I was checking out Moonbat Central, and found this reference:
Hollywood is floundering. The major film studios won’t admit it yet, but Hollywood filmmakers’ lemming-like attraction to anti-Western and anti-American themes is driving Tinseltown to bankruptcy. US audiences today simply refuse to spend their money to see enemy propaganda.
Why is that? I've long loved movies. From my childhood Saturdays (and sometimes Sundays) in the local theater, through my teens with girl-buddies or dates, I remember the thrill of sitting in a dark place, totally wrapped up in a story that came at me out of the darkness.

The sheer size of the screen pushed the experience right through my skin, propelled by the enveloping sound waves. For those brief hours, I was enraptured and encased in the sensory massage, and emerged, later, a little disoriented.

I didn't spend my time watching classics - well, unless you count Japanese horror and Disney cartoons as such. I cheered for Rodin, Godzilla, and their brethren to survive against a modern world, knowing, all the time, that they would disappear into a watery grave (notice how the Japanese never had a body disposal problem? The outsize monsters obligingly use proper recycling techniques, and let the ocean take care of the remains.)

Later, as a young woman, I saw The Graduate, Alice's Restaurant, Romeo & Juliet, Funny Girl, and other popular films. I don't believe I ever saw "daring" or experimental movies - it was strictly top releases for me.

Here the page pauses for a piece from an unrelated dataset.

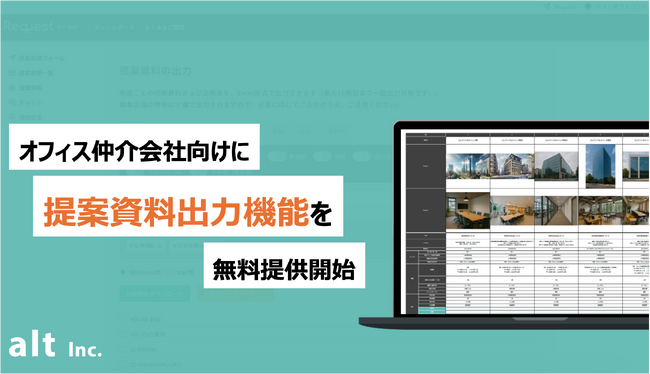 株式会社alt(本社:東京都渋谷区、代表取締役:石原一樹)が提供するフレキシブルオフィスの提案依頼サービス「Request」は、オフィス仲介会社向けに提案資料出力機能を新たにリリースしました。これにより、オフィス仲介担当者は「明細資料」や「比較表」を、Excel形式で簡単に出力できるようになり、提案資料の作成工数を大幅に削減できます。

I haven't changed in my tastes - I've only lighted briefly on the Sundance Channel, on my way to another show. But Hollywood used to put out a product that I found worth the money. It is beginning to do so again.

Recently, I've seen The Lord of the Rings trilogy, and last weekend, Batman Begins.

Why have the successes overwhelmed the many recent box-office failures? What's the difference between Return of the King, and Kingdom of Heaven?

Well, for starters, try morality.

Not what morality means to the elite - a prissy, self-righteous avoidance of FUN. Not holding grimly to a Bible, and standing aloof from sex, sensual pleasure, and just enjoying the world.

No, I mean a conscious choice to defend the weak, take a stand, and risk safety and fortune to defy evil. That's the message of the Tolkien trilogy. Such a stance is not safe, not easy, and requires personal sacrifice and diligence. It can be undertaken even by the weak and foolish, if they choose. This point of view is that moral courage is not merely for the physically strong, nor the brave. He may succeed, whose voice is shaking with fear, and whose body fails. The honor is in trying.

That's why I love Batman Begins. It takes a moral stance. Batman is a highly flawed character. He is deeply fearful of bats. He puts barriers between himself and those who would love him. He makes an agreement with the League of Shadows to work with them. He trains to become a killing machine.

Then his morality kicks in.

He cannot bring himself to act as an executioner for the League. He is brought up against a piece of his fundamental morality, and he takes a stand.

He pays a large price for his refusal to go along. He is once again set adrift, alone. But, this time, he is no longer lost. He has reclaimed his self, by reaching inside and defining his morality.

He still has personal issues. He doesn't yet have his focus on his mission.

But, by reclaiming his morality, he has set himself on firm ground. He is no longer a lost wanderer.